By Susanne M Dillmann, Psy.D.

Susanne M Dillmann, Psy.D.

Reactions to trauma follow a cyclical and often perpetual pattern, flowing from intrusive and arousal to avoidance reactions. Intrusive and arousal reactions bring the traumatic experience into one’s awareness. But being exposed to elements of the trauma is frightening, overwhelming, terrifying and at times socially embarrassing. Therefore, one often tries to bury anything connected with the trauma. These attempts at erasing aspects of the trauma are called avoidance reactions. All avoidance reactions prevent an individual from integrating the traumatic event into her or his life and thereby impede healing.

Avoidance reactions can take on many unique forms; however there are several common ways by which people attempt to avoid elements of their traumatic experiences. These common ways are: avoidant behaviors, relationship problems, emotional numbness, dissociation and addictions.

Avoidant behaviors occur when an individual avoids anything that even remotely reminds – or that she or he thinks will remind – her or him of the trauma.
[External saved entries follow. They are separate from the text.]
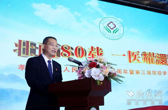 該院黨委書記、院長楊鵬鳴在致辭中回顧:1940年,抗日戰(zhàn)爭如火如荼進行,八路軍、新四軍與日寇浴血奮戰(zhàn)。為解決戰(zhàn)時傷病員救護問題,當(dāng)年11月8日,新四軍在孝感城內(nèi)西門彭家巷設(shè)立了一個傷員救護點,這個戰(zhàn)時救護小診所便是孝感市第一人民醫(yī)院的前身。
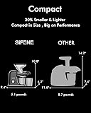 - SiFENE's Gen 2 Slow Juicer offers non-stop, uninterrupted juicing. Its innovative dual-chute system allows for simultaneous feeding and pushing of ingredients, delivering maximum yield in record time. The dual feed chute design enhances efficiency, enabling quick and effective juicing of fruits and vegetables. This cold press juicer from SiFENE extracts the maximum nutrients, vitamins, and flavor from minimum produce, ensuring freshness with a low-speed, high-yield process. The smart juice cap and safe operation at 110 RPMs with overheat protection mechanisms make juicing convenient and safe. Its compact design fits easily under cabinets and cleaning is a breeze, thanks to removable parts and low pulp residues. The juicer's easy assembly allows for quick setup and cleaning. For heavy users, SiFENE recommends our Dual Mouth MAX model (B0BWYBRGNJ/B0CFYFN3C5) which features a powerful motor and extra-large feed chute. At SiFENE, we stand behind our products with lifelong customer service and a satisfaction guarantee. Contact us at any time for a replacement or refund if you're not completely satisfied
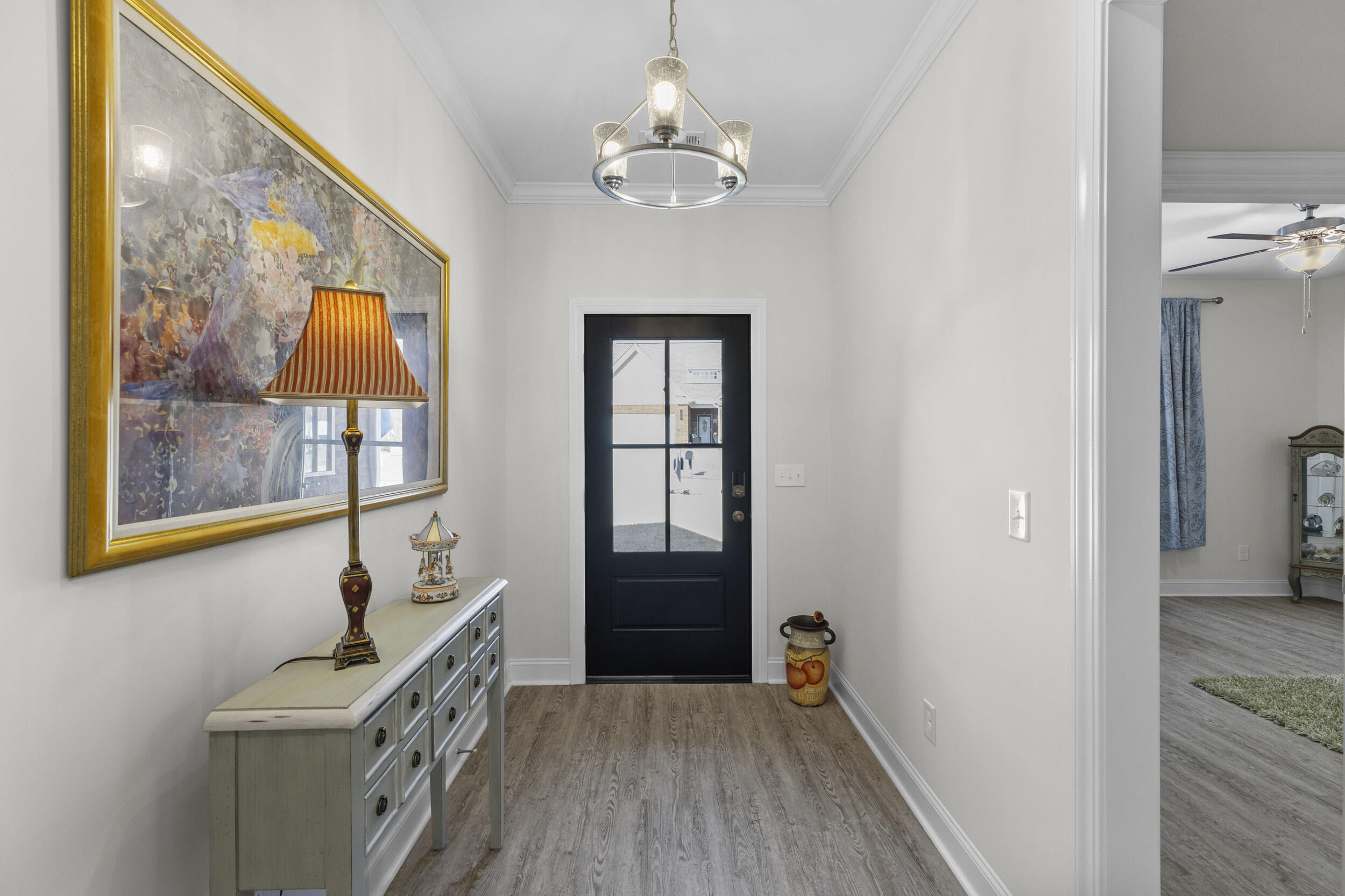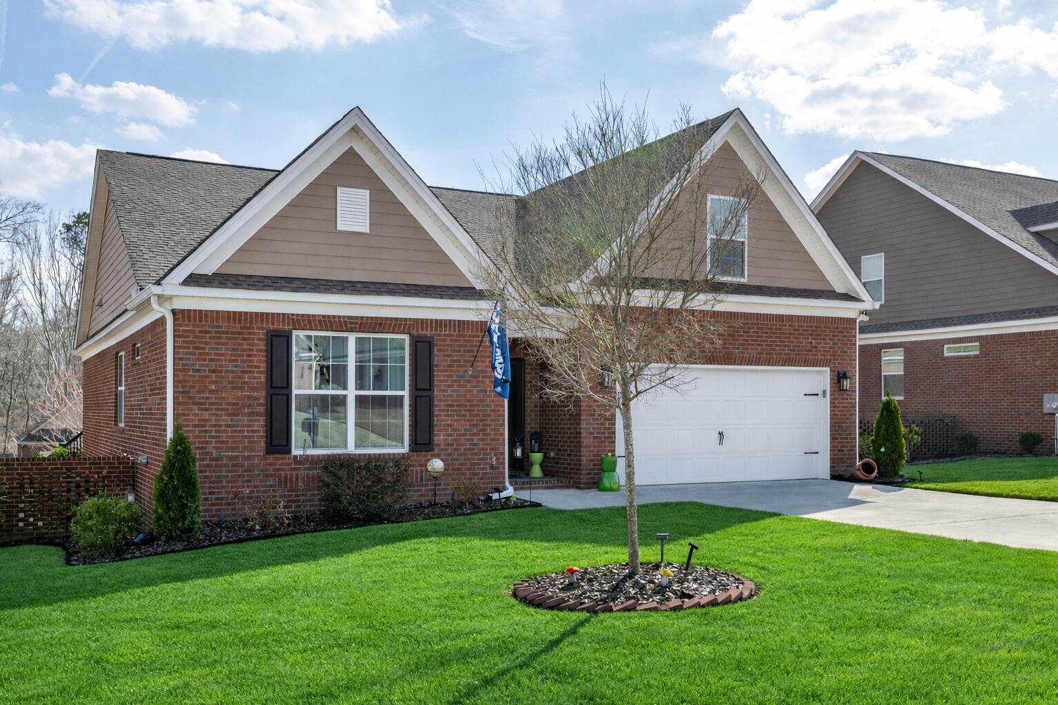 Welcome home to this beautiful solid brick residence in the desirable Mount Vintage community, offering modern design, thoughtful layout, and exceptional amenities! This 2,513 sq. ft. smart home features 4 bedrooms, 3 full bathrooms, and a 2-car attached garage. The inviting foyer opens up to an 11' high ceilings and open concept floor plan which seamlessly connects the kitchen, dining, and living areas, creating an ideal space for both everyday living and entertaining. The spacious kitchen features a large island, a walk-in pantry, ample cabinetry, and overlooks the inviting living room complete with a cozy fireplace. The primary suite is conveniently located on the main level and offers a generous walk-in closet, an en-suite luxury bathroom with barn door entry, double vanities, soaking tub, separate tiled shower, and water closet. Also on the main level are two additional bedrooms that share a full bathroom, along with a dedicated laundry room for added convenience. Upstairs, you'll find a fourth bedroom with its own attached full bath and large closet, making it perfect for guests or a private retreat. The spacious bonus room offers endless possibilities: use it as a home office, media room, playroom, fitness area, hobby space, or additional guest area. Step outside to enjoy the gorgeous screened-in porch and attached Trex deck with aluminum railing, great for relaxing or entertaining while overlooking the beautifully landscaped yard. Perfect area to admire colorful sunsets!! Yard all around this beautiful house features complete 7-zones sprinkler system throughout to help keep everything lush and green. Interior finishes include durable LVP flooring throughout the bedrooms, closets, and main areas, tile in the bathrooms and laundry room, and carpet on the stairs with original oak treads underneath. Located in the sought-after Mount Vintage community, residents enjoy outstanding amenities including a 27 hole golf course, swimming, bocce ball courts, tennis, fitness center, clubhouse, community garden and scenic walking areas, all within a peaceful and welcoming neighborhood. This move-in-ready home offers modern comfort, flexible living spaces, and access to an incredible community lifestyle. Schedule your showing today! Up to 1% Lender Credit towards closing costs or rate buydown with preferred lender!

While this may seem to be an effective strategy, the reality is that such an approach leads to an individual’s life becoming narrower and narrower as she or he retreats from society and the world at large. Often times an individual will not explain his or her avoidance, which can allow the individual to pretend that the avoidance is not linked to the traumatic event and leaves loved ones confused about what is occurring and uncertain of how to help.
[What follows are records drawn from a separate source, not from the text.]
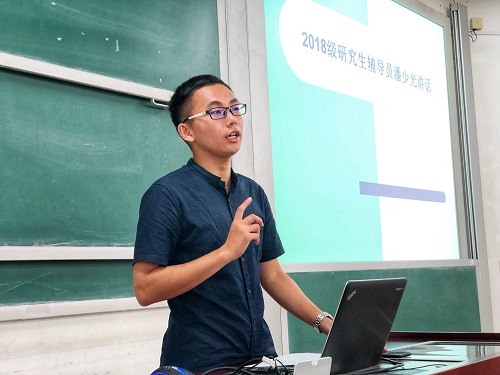 随后,潘少光老师向同学们了交待了学院各项入学教育安排,对于双选会、迎新大会等重要活动做了细致安排。与此同时,他还鼓励同学们积极参与到学院组织的各项活动,踊跃竞选各类学生干部,用数位优秀学长学姐的成功案例告诉同学们,努力就一定会有收获,勉励大家在接下来的研究生生活中努力拼搏,书写属于自己的华美乐章。
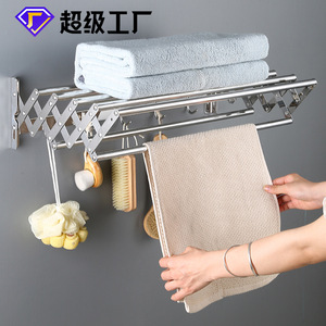 ステンレス伸縮タオル掛け浴室折り畳み可能トイレ壁掛け収納棚ベランダハンガー
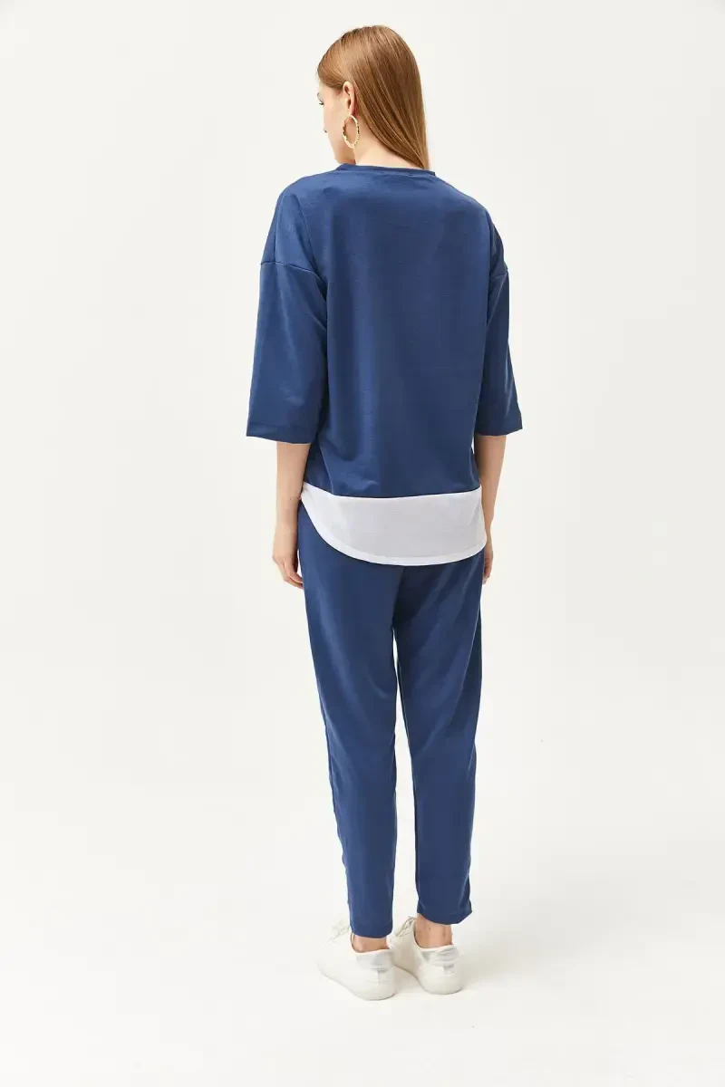 The Women's Indigo Trimmed Top and Bottom Set TKM-19000274-In offers a modern and stylish look with its crew neck design, while appealing to all age groups with its wide range of uses, making it a candidate to become an indispensable part of your wardrobe. The woven fabric structure combines durability and comfort, offering a long-lasting user experience. Standard sleeves and cuffed hems provide comfortable freedom of movement, while the plain design allows you to create a simple and timeless style. The regular fit and length option offers an ideal fit that hugs your body lines without restricting you. The 100% cotton material component provides breathability and a soft feel for comfortable wear all day long. Its plain pattern is easy to combine and helps you maintain your elegance in any environment. The normal waist design offers ideal comfort for daily use and perfectly fits your body lines. It can be easily cleaned according to Type 1 washing instructions, so your product stays like the first day for a long time. This set is offered with Trendyol assurance, and you can order a maximum of 10 of this product that you can have at a campaign price. This product, which can be offered for sale by more than one seller, is listed according to the prices, scores, delivery statuses and promotions determined by the sellers. Free returns are available within 15 days. This stylish and useful set is an excellent option for both daily use and special moments. Enjoy being stylish and comfortable at all times with this piece that you must have in your wardrobe.
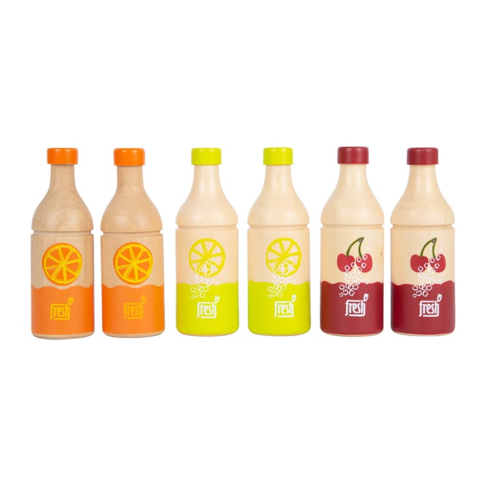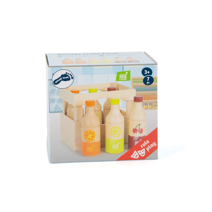 Тази дървена щайга съдържа шест бутилки, изработени от масивно дърво. Тя е идеалното допълнение към детската кухня или магазин за игра. Благодарение на семплите илюстрации, бутилките са лесни за разбиране дори от по-малките деца.
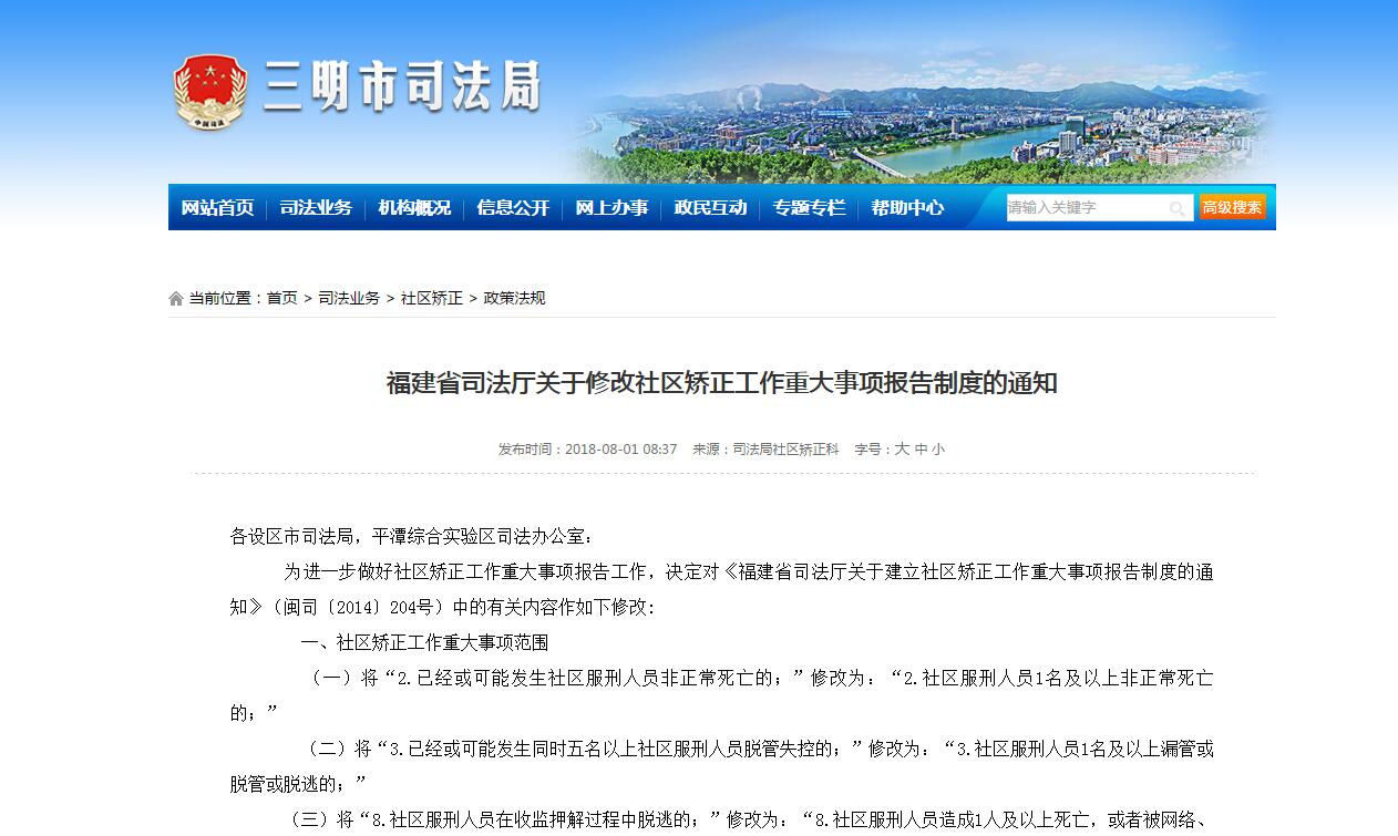 为进一步做好社区矫正工作重大事项报告工作,决定对《福建省司法厅关于建立社区矫正工作重大事项报告制度的通知》(闽司〔2014〕204号)中的有关内容作如下修改: ...

Relationships – due to the fundamental requirements of trust and vulnerability – can also remind people of the traumatic event(s), particularly when the traumatic experience was interpersonal in nature. Due to this, it is common for individuals to avoid current relationships and/or cease developing new relationships. This avoidance of relationships often leads to feelings of disconnection, loneliness, alienation, etc..., all of which can compound the distress the traumatic event unleashed. These mounting emotions are sometimes managed through emotional numbing.

Just as aspects of the larger world and relationships can be reminds of the traumatic event, emotions can also be triggers. Survivors can (falsely) believe that if they feel anything they will become consumed by that emotion and fall apart - becoming permanently unglued. Even though this will not occur, many people manage these fears through the avoidance of emotions or by shutting down when an emotion is experienced. Once again there is a degree of logic to this reaction but in reality such a response leads to emotional numbness. Emotional numbness is best described as a sense of hollowness or having a deep void. It is as if someone scooped out all of one’s feelings, discarded them and did not fill in the ensuing hole. Signs of emotional numbness are an apparent inability to feel any emotion, even if one wants to feel, and/or an inability to express an emotion, i.e. one feels sad and wants to cry, but cannot.
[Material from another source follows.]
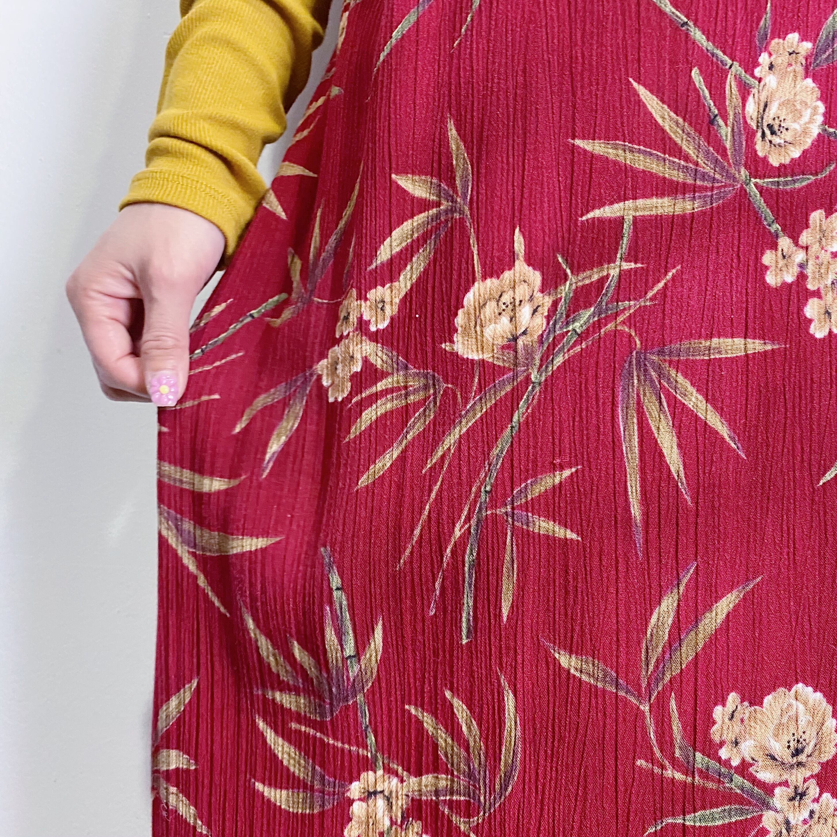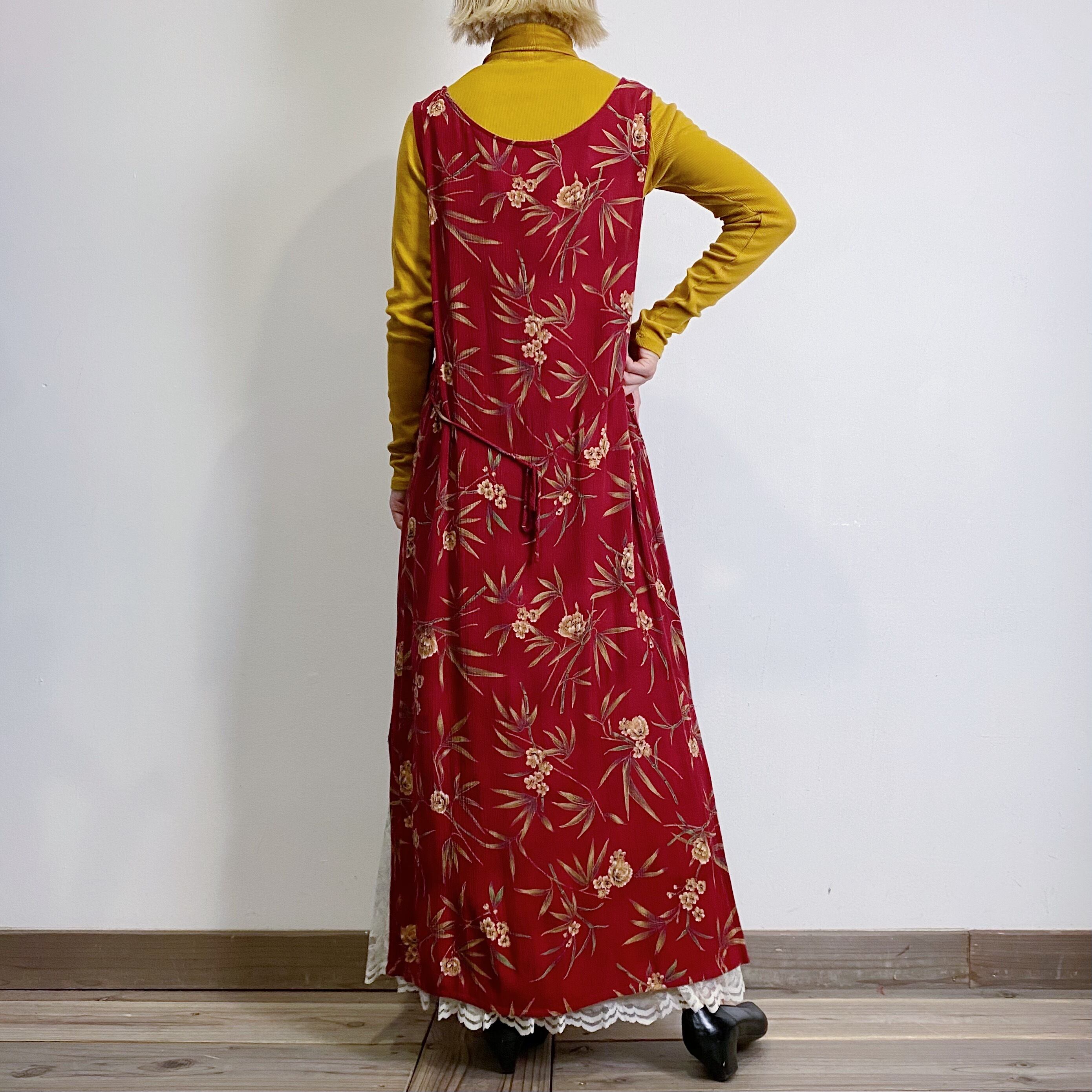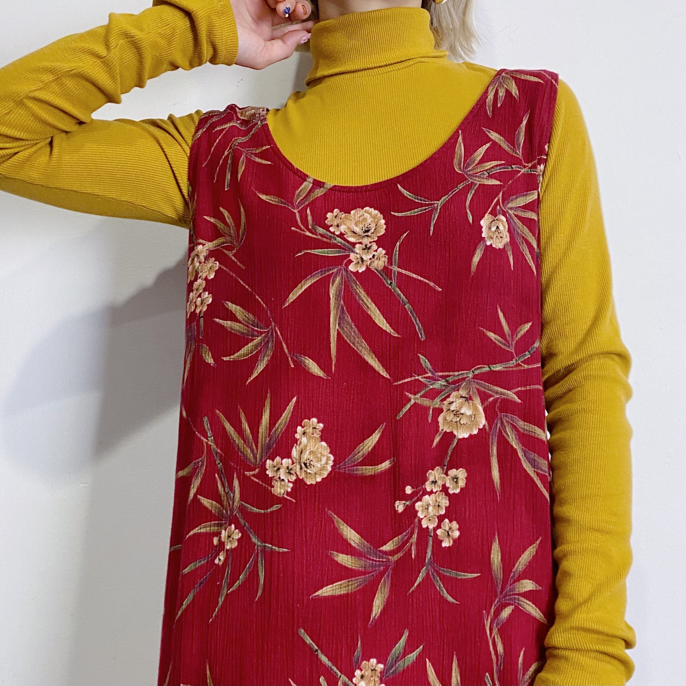 深めのレッドに草花のプリントがかわいい、90年代のノースリーブワンピースです。

In some ways, dissociation is the cognitive or thinking equivalent of emotional numbing. When thoughts or emotions become too overwhelming people sometimes unintentionally alter their state of consciousness. Phrased another way, the individual’s mind simply wanders off. The individual still registers what is occurring around him or her but it is as if he or she is watching everything through a foggy window, as if he or she were in the audience watching life unfold on a big screen TV. A sense of indifference, emotional detachment and passivity often accompany periods of dissociation.

The final type of avoidance reaction we will cover is that of addictions. Another way to avoid being reminded of the trauma or to avoid emotions is to excessively use drugs, alcohol and food. Indulging in these behaviors can provide temporary relief from the pain, or fill one’s internal sense of emptiness. However, the relief provided by the addiction is temporary and makes matters worse since it is common for the avoided thoughts and emotions to return with heightened intensity once one becomes sober. If you or someone you know is using addictions to manage a traumatic live experience(s), reach out to a professional to help you navigate through the addiction.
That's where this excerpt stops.